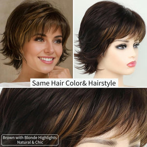 - The brown short wig is natural looking, you can wear it do anything you want like dating, wedding, working, photo, daily use, party even just for fun, shake it and comb it with finger can wear it to go, easily to get compliments from others
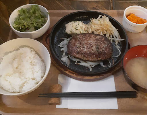 Read more平日ランチタイムに、お肉2種盛りグリルAチョイス(牛さがり肉・牛ハーフハンバーグ)税込み1290円をいただきました。 さがり肉の量は少なめ、硬め。牛ハーフハンバーグはおいしかった。 スープぬるい。 ごはんは普通盛りで丁度良かったが、軟らか過ぎで団子状。コシヒカリがもったいない。 付け合わせのジャガイモが一部半生ガリガリで残す。調理の経験が浅いようだ。 ステーキソースはテーブル上の物を自分で掛ける、ローストガーリックより玉ねぎソースが美味しかった。それより、その肉に一番合ったお店独自の調味を期待していた。 料理の満足度3 接客3 ランチ食べるには暗すぎる店内だった。 コルクの箸置...
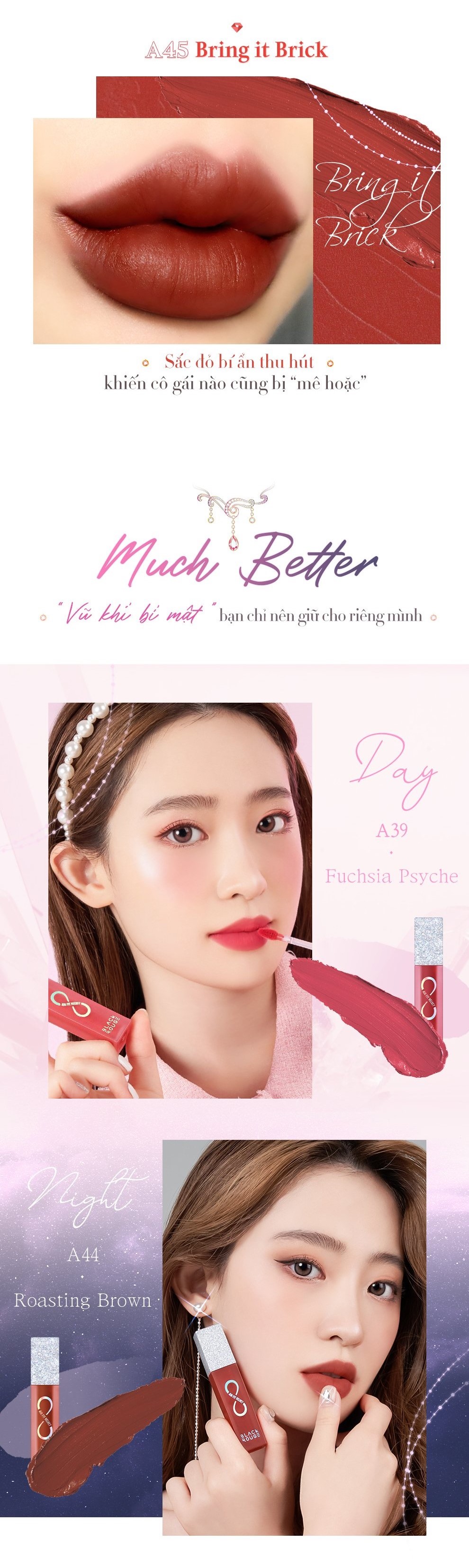 - Phía trên thân son gây ấn tượng khi in số 8 trên thân son, khi đặt ngang thì lại là một biểu tượng vô cực, mang thông điệp chị em sẽ mê mẩn Air Fit Velvet Tint Season 8 “không lối thoát” một khi đã sở hữu.
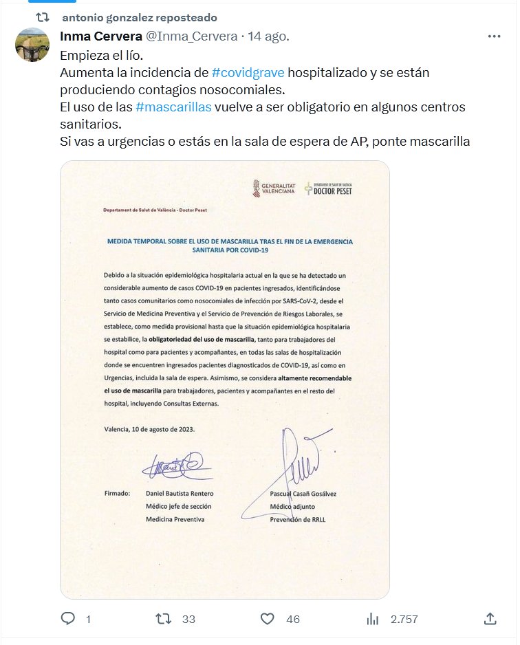 Empieza el lío. Aumenta la incidencia de #covidgrave hospitalizado y se están produciendo contagios nosocomiales. El uso de las #mascarillas vuelve a ser obligatorio en algunos centros sanitarios. Si vas a urgencias o estás en la sala de espera de AP, ponte mascarilla
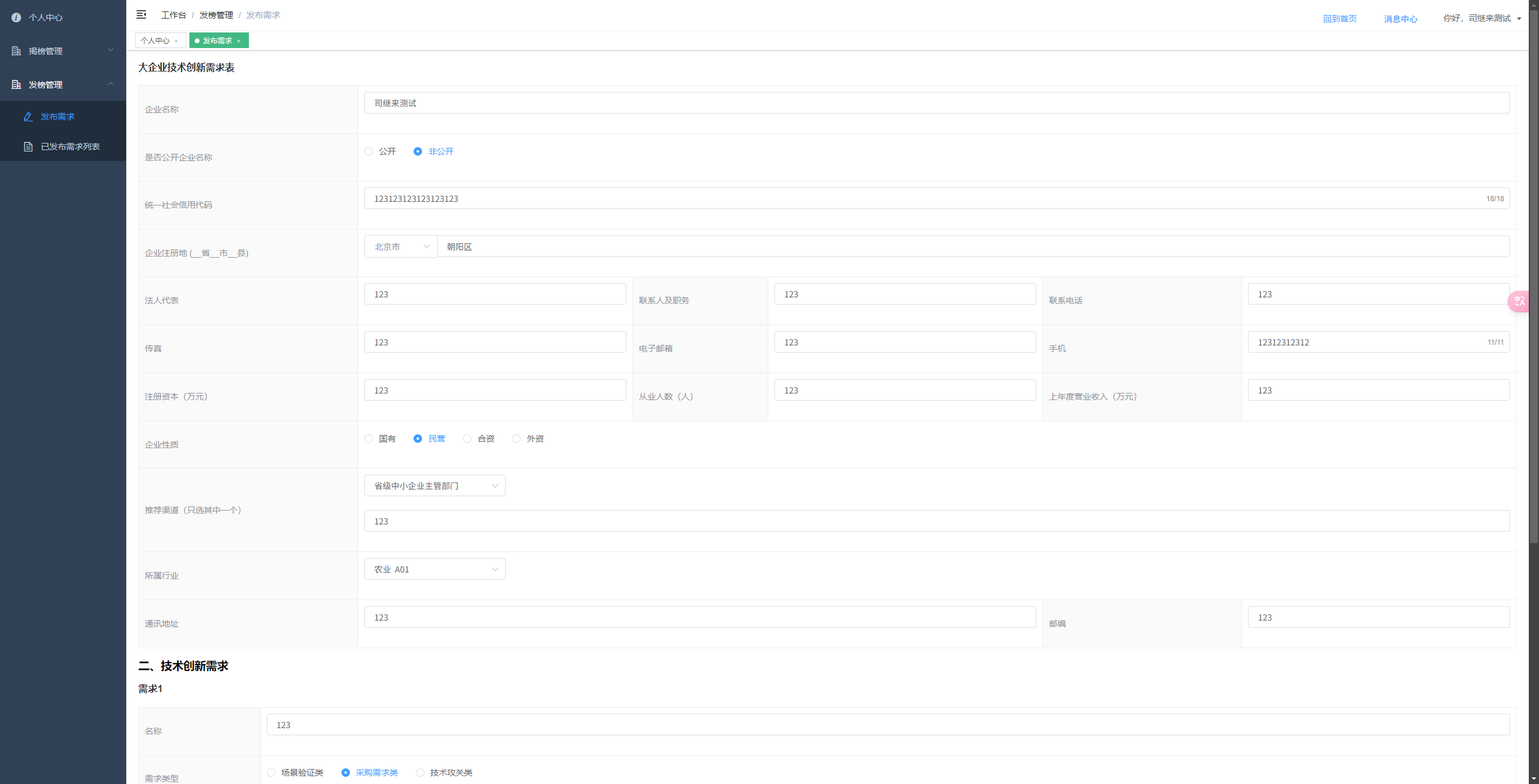 二、登陆后,跳转至《大中小企业融通创新平台》
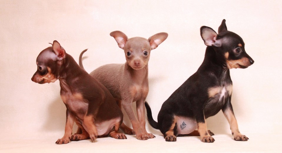 Smooth-haired Russian toy terrier originates from a pedigree in 18th century England. The toy terriers were extremely popular, brought them out of the English black terriers, crossed with the Manchester terrier. At first they were bred to fight rats, but the charming appearance of tiny dogs fascinated the aristocrats.

+===+

> [What is expected]: Could you restate every entry above word for word, leaving out the pictures?

> [Answer to the exercise]:
 - The brown short wig is natural looking, you can wear it do anything you want like dating, wedding, working, photo, daily use, party even just for fun, shake it and comb it with finger can wear it to go, easily to get compliments from others
 Read more平日ランチタイムに、お肉2種盛りグリルAチョイス(牛さがり肉・牛ハーフハンバーグ)税込み1290円をいただきました。 さがり肉の量は少なめ、硬め。牛ハーフハンバーグはおいしかった。 スープぬるい。 ごはんは普通盛りで丁度良かったが、軟らか過ぎで団子状。コシヒカリがもったいない。 付け合わせのジャガイモが一部半生ガリガリで残す。調理の経験が浅いようだ。 ステーキソースはテーブル上の物を自分で掛ける、ローストガーリックより玉ねぎソースが美味しかった。それより、その肉に一番合ったお店独自の調味を期待していた。 料理の満足度3 接客3 ランチ食べるには暗すぎる店内だった。 コルクの箸置...
 - Phía trên thân son gây ấn tượng khi in số 8 trên thân son, khi đặt ngang thì lại là một biểu tượng vô cực, mang thông điệp chị em sẽ mê mẩn Air Fit Velvet Tint Season 8 “không lối thoát” một khi đã sở hữu.
 Empieza el lío. Aumenta la incidencia de #covidgrave hospitalizado y se están produciendo contagios nosocomiales. El uso de las #mascarillas vuelve a ser obligatorio en algunos centros sanitarios. Si vas a urgencias o estás en la sala de espera de AP, ponte mascarilla
 二、登陆后,跳转至《大中小企业融通创新平台》
 Smooth-haired Russian toy terrier originates from a pedigree in 18th century England. The toy terriers were extremely popular, brought them out of the English black terriers, crossed with the Manchester terrier. At first they were bred to fight rats, but the charming appearance of tiny dogs fascinated the aristocrats.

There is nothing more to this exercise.